# Data reuploading for a universal quantum classifier¶

Based in the paper Quantum 4, 226 (2020).. In this `README.md` file you can see a short set of instructions for the usage of the example.

## What this example does?¶

This example provides a variational algorithm for classifying classical data using only one qubit. There are two main ideas in this work. The general idea is to create a single-qubit circuit where several different unitary gates are aplied

• Re-uploading: create a single-qubit circuit where several different unitary gates are applied. The exact gate depends on the point to classify and on a set of parameters found by learning the classes of a training set.

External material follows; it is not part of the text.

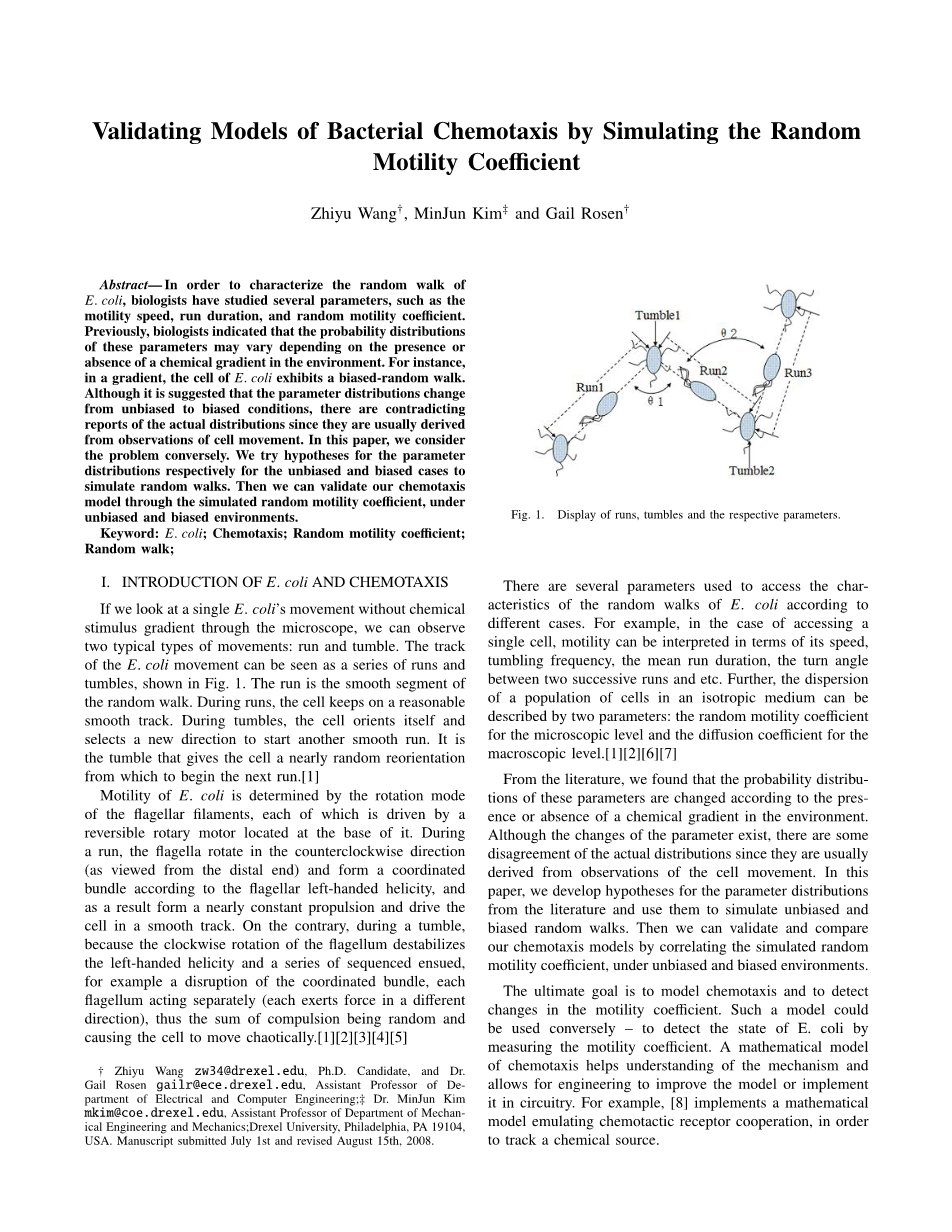 关键词 E:杆菌;趋化性;随机运动系数;随机行走;

• Separating classes: the Bloch sphere has plenty of room on its surface, thus it is possible to define a set of target states representing different labels. These states are chosen in such a way that they are maximally orthogonal among them.

The re-uploading works in circuits like the one below. For this example, we will classify datasets with dimension 2. The exact dependency of the unitary gates was chosen to be Rz(w x1 + b)Ry(v x0 + a), although other Ansätze are also useful. Notice that the Ry gates are connected to the x0 coordinate, while Rz gates are related to x1. Rotations around two different axis suffice to generate enough representativity to solve the problem. The goal is to find a set of parameters such that all points belonging to the same class are driven to be as close as possible to a target state that depends on the class. These target states are chosen to be as orthogonal as possible. For binary classification, the states |0> and |1> are enough. Three classes require an equilateral triangle circumscribed to an equator. More classes require polyhedra. For 4, 6, 8, 12 and 20 labels, platonic polyhedra may be used. ## Usage¶

In this example there are only three files

• `datasets.py` contains the classical functions that create the datasets of the experiment and their representations.

• `qlassifier.py` encodes all quantum circuits and procedures needed to run the circuits.

• `main.py` is the file calling all other functions. The action of every line of code is commented in the source code.

The parameters to be fixed for a run of the experiment are

• dataset: problem to solve, to choose between `['circle', '3_circles', 'square', '4_squares', 'crown', 'tricrown', 'wavy_lines']`

• layers: layers of the classifier

Every time the `main.py` is run, it checks whether there is a solution to that particular problem. If it has been already computed, then no minimization is done, only the results are saved. Otherwise, minimization is performed. A collection of solved examples is saved in `saved_parameters.pkl`. It is not mandatory, but it may save some time.

## Results¶

Two different results are presented in this example. First, it is shown the labels that the algorithm guesses for every point (left), together with which ones are right and wrong (right). This result is useful for quantifying the accuracy of the classifier. The colors represent the guessed labels, while the area corresponding to each class is delimited with a black line. The second result represents the distribution of the test points on the Bloch sphere. In this case, the colors represent the actual labels of the points. This plot is useful to see how the points in the same class get close to the target state. Every time the `main.py` file is run, both results are saved in the folder `results/[name of the problem]/[number of layers]_layers`. The repository includes the solution for all problems with 10 layers.